In Australia, in New South Wales it is legal to solicit on the streets, except in some areas (such as near schools). The other Australian states and territories prohibit street solicitation, although some of these jurisdictions allow licensed brothels.

Street prostitution is legal in New Zealand. In Germany it is allowed too, but cities can restrict it to certain areas or hours (regulations vary widely from place to place).

In the United States, street prostitution is illegal in all 50 states; 49 of the states outlaw all forms of prostitution. Nevada allows licensed brothels, but only in some rural areas, not in the major metropolitan areas (only eight counties have active brothels and prostitution outside these brothels is illegal throughout the state).
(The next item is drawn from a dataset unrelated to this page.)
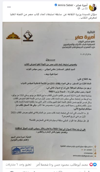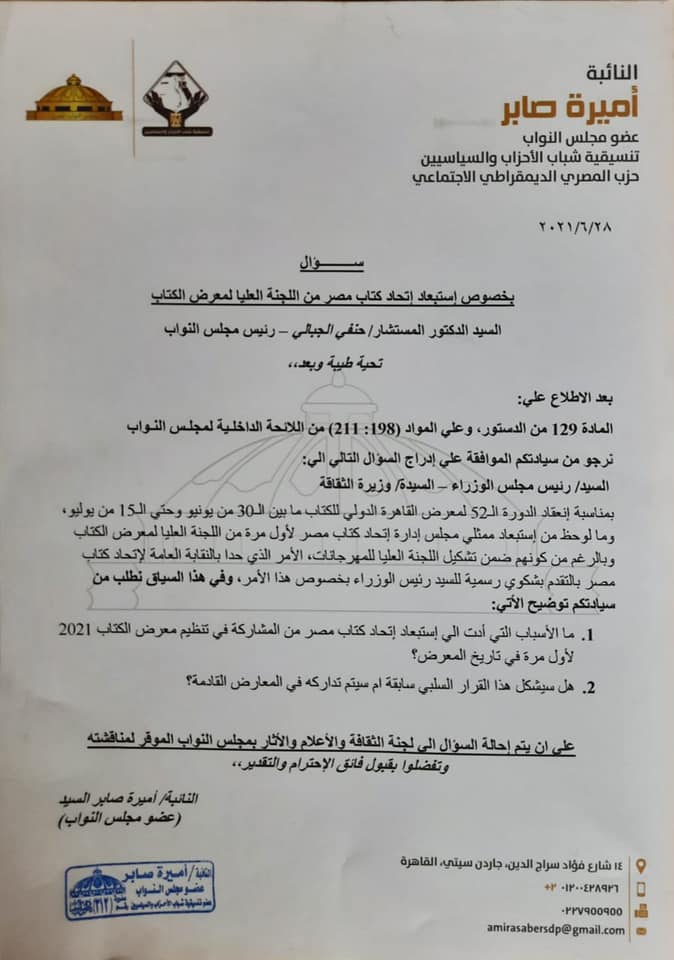 تقدمت النائبة أميرة صابر، عضو مجلس النواب، بطلب إلى رئيس المجلس المستشار حنفي الجبالي تطلب فيه سؤال رئيس مجلس الوزراء مصطفى مدبولي، ووزيرة الثقافة إيناس عبد الدايم، بشأن استبعاد اتحاد كتاب مصر من المشاركة في تنظيم معرض القاهرة الدولي للكتاب.

In two towns in the Netherlands, a special zone (tippelzone) is designated for legal street prostitution. The zone is often in a business park to avoid inconvenience for residents and can include a sex drive-in (afwerkplek). In most of the zones, the prostitutes need a licence.

==Risks and research==
Street prostitutes are extremely vulnerable to physical and sexual assaults, as well as to muggings by clients and pimps.

The World Health Organization reported that a study in Bangladesh found that between 50% and 60% of street-based prostitutes had been raped by men in uniform, and between 40% and 50% had been raped by local clients.

Melissa Farley's study of 854 prostitutes in nine countries—Canada, Colombia, Germany, Mexico, South Africa, Thailand, Turkey, the United States, and Zambia—found that 95% of prostitutes had been physically assaulted, and 75% had been raped. 89% of the women interviewed stated that they wanted to leave prostitution. However, the methodology and neutrality of Farley's studies has been criticised by other academics such as Ronald Weitzer. Weitzer has also said that Farley's findings are heavily influenced by radical feminist ideology.

In a 2008 study of Chicago, USA street prostitutes, economists Steven D. Levitt and Sudhir Alladi Venkatesh found that women working without pimps work for an average hourly rate of about $25, and those working with pimps make 50% more. This is roughly four times the wage of other jobs available to them. Prostitutes are arrested once for every 450 encounters and every 10th arrest results in jail time.

In 2004, a study in the UK showed that up to 95% of women in street prostitution were problematic drug users, including around 78% heroin users and rising numbers of crack cocaine addicts.

==Impact of COVID-19==
During the COVID-19 pandemic, contact professions (which includes prostitution, amongst others) had been banned (temporarily) in some countries. This has resulted in a local reduction of prostitution.

== Modern terminology ==
In recent years there has been a movement to redefine the way that prostitution is talked about. Instead of "prostitution", "sex work", and "sex workers", are the more preferred terminology. This movement began in the late 1970s and is still an effort. Sex work is not specifically associated with prostitution, but rather any type of work that is sexual in nature.